It's a job that sounds tedious at best, overwhelming at least: scanning more than 14,000 old photographic negatives into computer files. But for the man at the scanner in Cokato, Minn., there's something magically rewarding about saving images of a town's past, captured for 50 years by a Swedish immigrant photographer named Gust Akerlund.
For seven years now, Dave Johnson has pulled on white gloves, placed the negatives on a huge scanner and pushed buttons — over and over — on the second floor of the history museum in Cokato, a town of 2,700 people 50 miles west of Minneapolis.

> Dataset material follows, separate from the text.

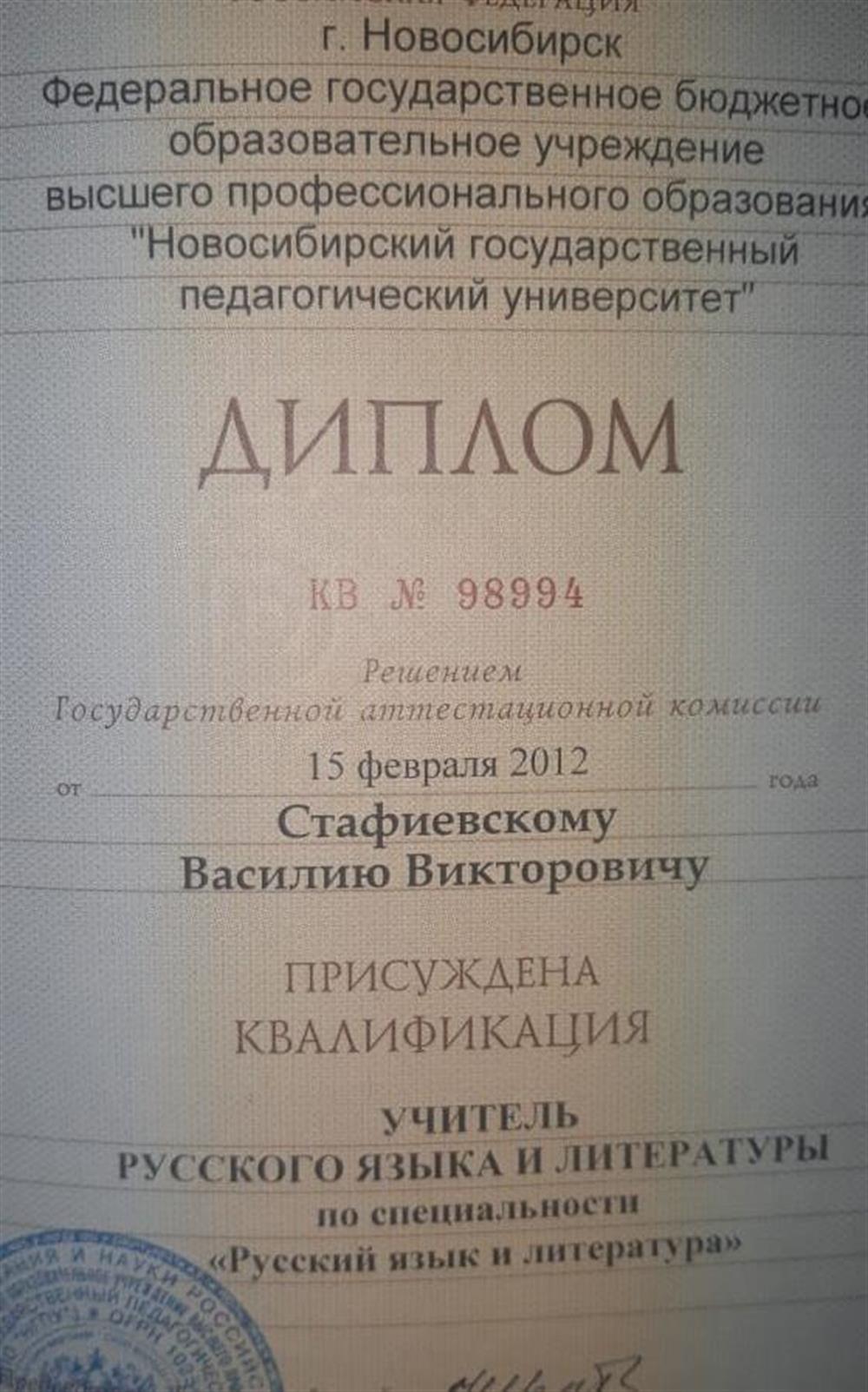 Квалификация - учитель русского языка и литературы.

"They pay me to be surprised," said Johnson, 69, a former studio photographer. "It doesn't get any better than this. Huge photo collections can be a blessing and a curse — until you find what to do with them."
Armed with state grant money, the Cokato Museum has nearly completed its massive project — preserving digital images from box upon box containing Akerlund's 11,383 glass-plate and 2,634 acetate negatives.
From 1902 to 1953, Akerlund barked out posing instructions in his thick accent before disappearing behind his camera to capture amazingly intimate images of new babies, weddings, open-casket funerals, canning factory workers, sports teams, cops, Girl Scouts, traveling salesmen and musicians who came through town.
His small corner studio featured an 8-by-12-foot, north-facing skylight and a tiny apartment in the back. Thirty years after Gust died in 1954, his widow, Esther, moved into a nursing home and the family donated everything to the town museum next door — the building, cameras, furniture, all those negatives and even a well-worn hand puppet Akerlund used to get infants smiling.
"I was absolutely blown away, and we recognized right away that we had something special," said Mike Worcester, the Cokato Museum's longtime director. "There are lots of community photo collections, but to have his equipment, the chairs people sat in, in the original building. …"
Every Minnesota town, it seems, had a Main Street photography studio, but Akerlund's craftsmanship and the crisp sharpness of his images "stand up against anything I've seen," Johnson said. "I just love the work he gave me."